Provably Efficient Exploration in Inverse Constrained Reinforcement Learning
This work addresses the challenge of improving sampling efficiency in ICRL for real-world applications where constraints must be inferred from expert data, representing an incremental advancement over existing methods.
The paper tackles the problem of inefficient sampling strategies in Inverse Constrained Reinforcement Learning (ICRL) for inferring constraints from expert behaviors, proposing a strategic exploration framework with two algorithms that achieve provably efficient constraint inference, validated empirically across environments with tractable sample complexity.

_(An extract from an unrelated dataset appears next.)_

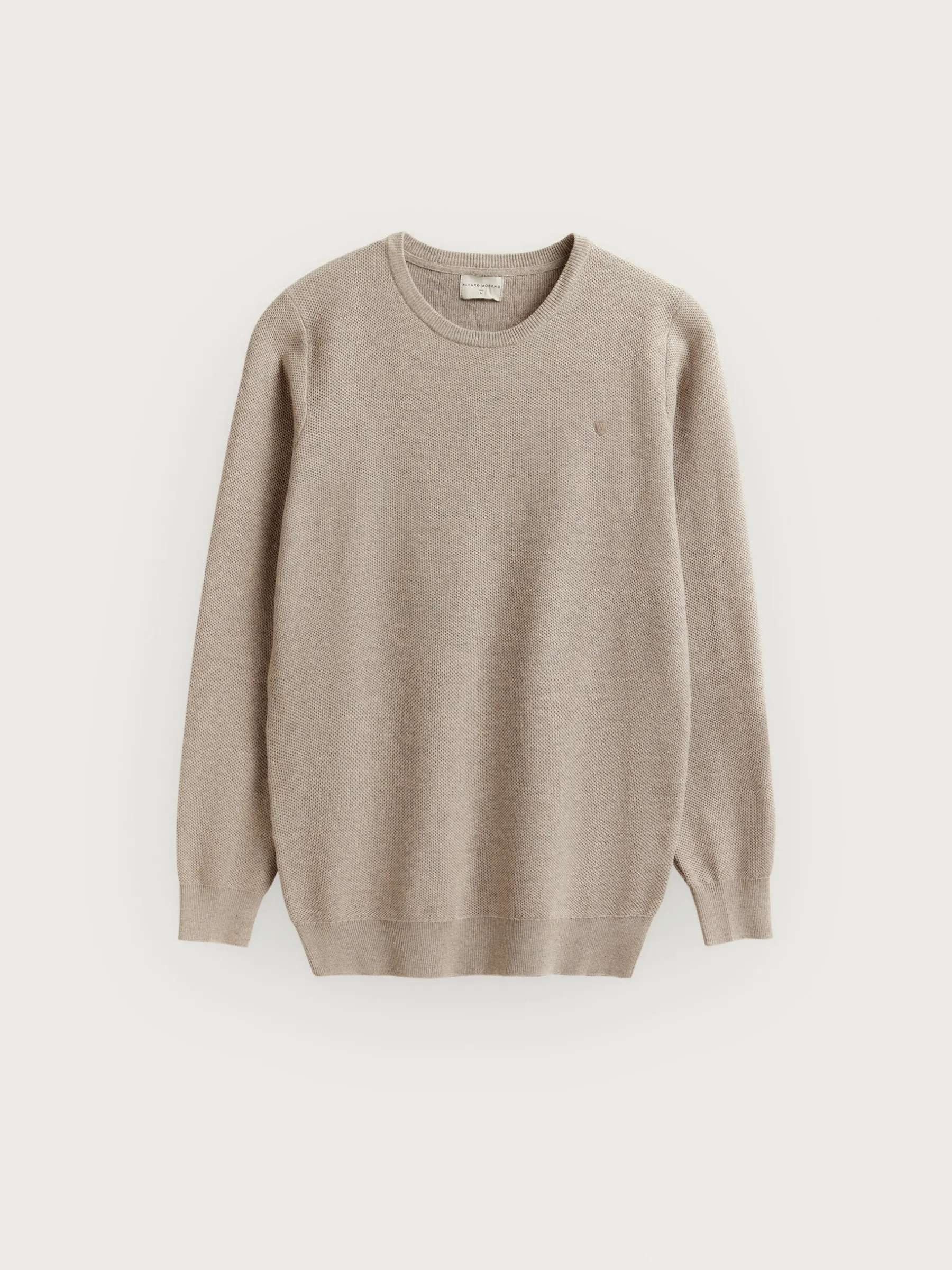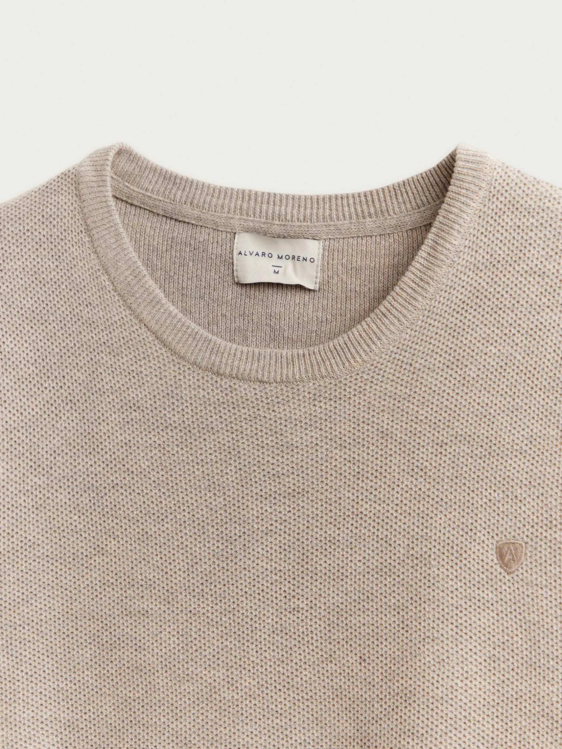 Jersey con tejido de estructura, cuello a la caja y logo de la marca bordado en el frontal al tono. Bajo, puños y cuello en acabado ribeteado de punto elástico para mayor comodidad. Corte regular fit.
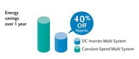 Các hệ thống Multi Type System với nhiều DC Inverter giúp tiết kiệm năng lượng hoạt động và hiệu quả cao hơn 40% so với hệ thống đơn hoạt động liên tục với hiệu suất tối đa. Hệ thống biến tần được trang bị một máy DC nén đôi. Nó có thể đạt được nhiệt độ mà bạn thiết lập nhanh hơn 15% so với các hệ thống thông thường và nó duy trì chính xác nhiệt độ cài đặt trước với sự khác biệt chỉ 0.5 °C. Do có DC nén đôi tiên tiến hoạt động với hiệu suất rất tốt

Optimizing objective functions subject to constraints is fundamental in many real-world applications. However, these constraints are often not readily defined and must be inferred from expert agent behaviors, a problem known as Inverse Constraint Inference. Inverse Constrained Reinforcement Learning (ICRL) is a common solver for recovering feasible constraints in complex environments, relying on training samples collected from interactive environments. However, the efficacy and efficiency of current sampling strategies remain unclear. We propose a strategic exploration framework for sampling with guaranteed efficiency to bridge this gap. By defining the feasible cost set for ICRL problems, we analyze how estimation errors in transition dynamics and the expert policy influence the feasibility of inferred constraints. Based on this analysis, we introduce two exploratory algorithms to achieve efficient constraint inference via 1) dynamically reducing the bounded aggregate error of cost estimations or 2) strategically constraining the exploration policy around plausibly optimal ones. Both algorithms are theoretically grounded with tractable sample complexity, and their performance is validated empirically across various environments.